Coverage-Dependent Adsorption of X Clusters (X=Pt-Au, Au-Au) on the Defect-Free (3×2) TiO2(110) Surface

  • Received Date: 20 March 2012
    Available Online: 21 May 2012

    Fund Project: 国家自然科学基金(90922022) (90922022)华中科技大学煤燃烧国家重点实验室开放基金(FSKLCC1110)资助项目 (FSKLCC1110)
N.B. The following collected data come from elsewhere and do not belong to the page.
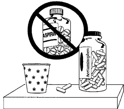
Sawirka 3 aad Ha siinin asbariin. Akhri qoraalka ku qoran daawo kasta kahor intaan siin si aad u ogaato kuurada saxda ah ee loogu.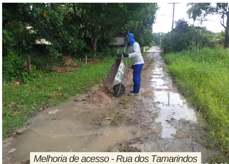
Melhoria de acesso - Rua dos Tamarindos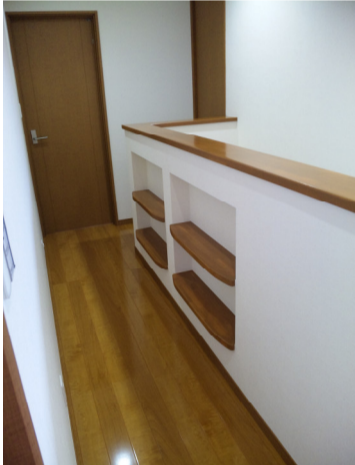
2F family廊下は 本棚に変身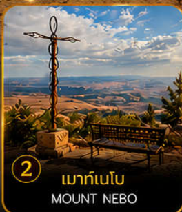
2 เมาก์เนโบ MOUNT NEBO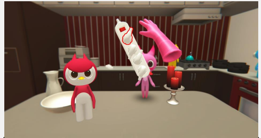
멀티탭 뽑기 이미지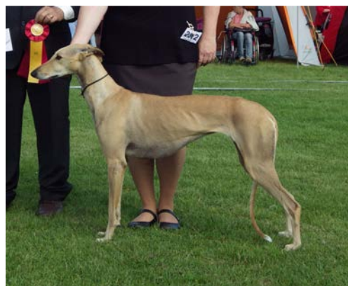
Tik ca 5 år gammal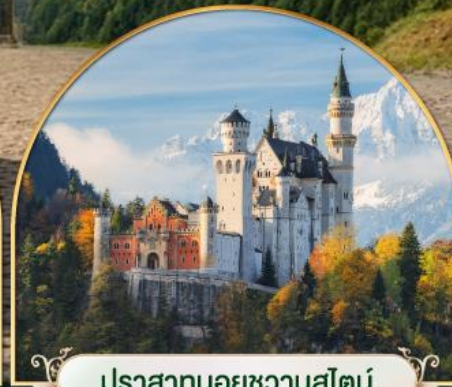
ปราสาทนอยชวานสไตน์ เยอรมนี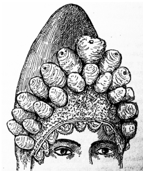
Рисунок 1. Однорогий кокошник Псковского уезда с шишками

очельем и плоским округлым верхом [6]. В костюмах центральной части России часто используются цветные камни в металлической оправе, вышивка золотыми нитями, бисером и жемчугом в качестве украшений. Такие головные уборы можно встретить в национальных костюмах Нижегородской, Костромской, Ярославской, Московской, Владимирской, Вологодской, Казанской, Вятской и Пермской губерний, на прилегающих к ним территориях.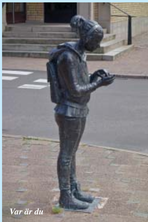
Var är du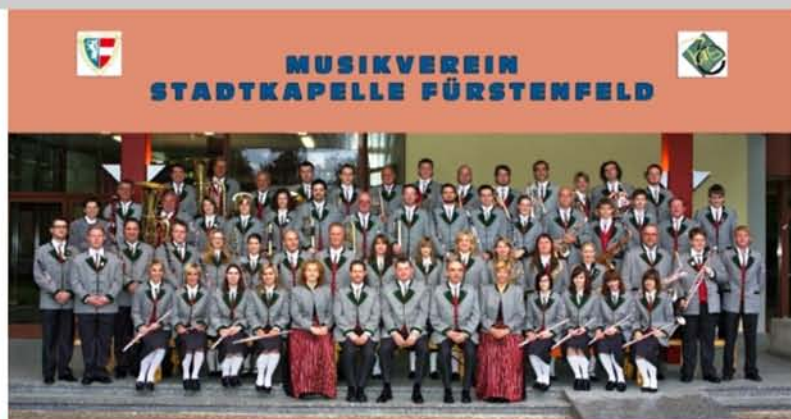
MUSIKVEREIN STADTKAPELLE FÜRSTENFELD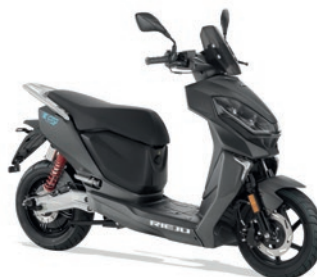
E-CITY 1,2 kW | 3 kW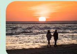
Löydä Pärnumaan rannikon piilevät helmet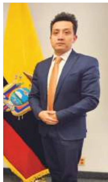
El Dr. Gustavo Velásquez, Cónsul General del Ecuador de New Jersey y Pensilvania será el encargado de inaugurar la segunda vuelta electoral a realizarse el domingo 13 de abril.

Jersey y Pensilvania deberán estar empadronados para ejercer su derecho a votar, están habilitados unos 35 mil compatriotas, mismos que acudirán a los tres recintos electorales ubicados en la ciudad de Newark, Plainfield y Highstown.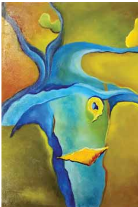
Marinela Rusu «Το παιχνίδι στο υποσυνείδητο» * «Game» 30x40 εκ. Λάδι σε καμβά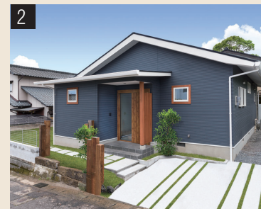
自然と調和するカラーに一新された外観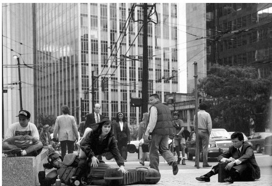
8. ג'ף וול, הבלוק המכשיל, שקף סיבאכרום בקופסת אור, 290x370 ס"מ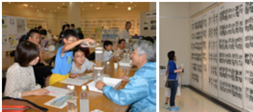
昨年の水道展の様子(左:水道教室, 右:展示)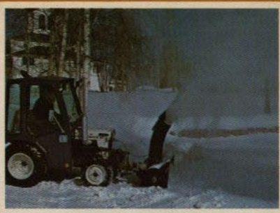
Snöslunga En kraftig enstegslunga med utkastöret elektriskt reglerbart från förarhytten Arbetsbredd 125 cm

Beaver är dessutom det ekonomiska alternativet med sitt låga pris och låga driftskostnad.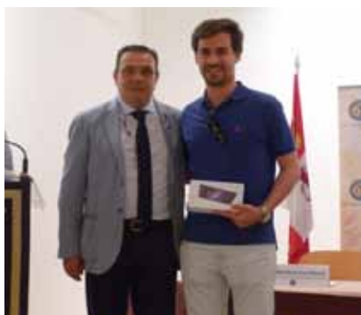
Los sorteos fueron patrocinados por A.M.A y Mutual Médica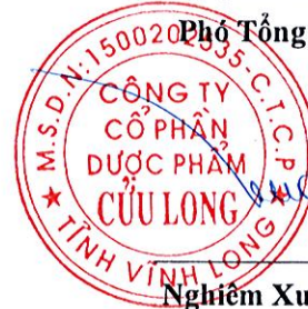
Nghiêm Xuân Trường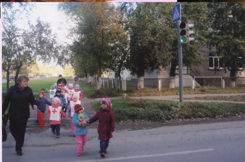
Свердловская область, г. Верхняя Пышма, МДОУ №17 «Радость»

  • Based on spin-polarized density functional theory and generalized gradient approximation (DFT-GGA) calculations, the coverage-dependent adsorption of X bimetallic clusters (X=Pt-Au, Au-Au) on the (3 × 2) TiO2(110) surface has been investigated utilizing periodic supercell models in the absence of oxygen vacancy sites. Only the ground-state structures corresponding to the given coverage patterns (θ= 1/6-1 ML) for X clusters are discussed in this work. The unambiguous results reveal that the adsorption energies increase with coverage up to 1/2 ML and then decrease except for when saturated coverage is reached. According to the interaction with X clusters, it is more feasible at all coverage levels to create a monolayer film of Pt-Au bimetallic clusters on the TiO2(110) surface than it is to create a monolayer of Au- Au clusters, even though the adsorption energy of the Pt-Au/TiO2 adsorption system is smaller in comparison with that of the Au-Au/TiO2 system. Importantly, especially for the half and saturated coverages, there is a broadening of X peaks overlapping with the TiO2 state ranging from -3.0 eV to the Fermi level, suggesting a strong interaction between the surface and bimetallic cluster. Also of particular interest is the adsorptive mechanism where the X-TiO2 interaction is the main driving force at the initial stage of the adsorption process, whereas the X-X interaction controls the process as the coverage increases.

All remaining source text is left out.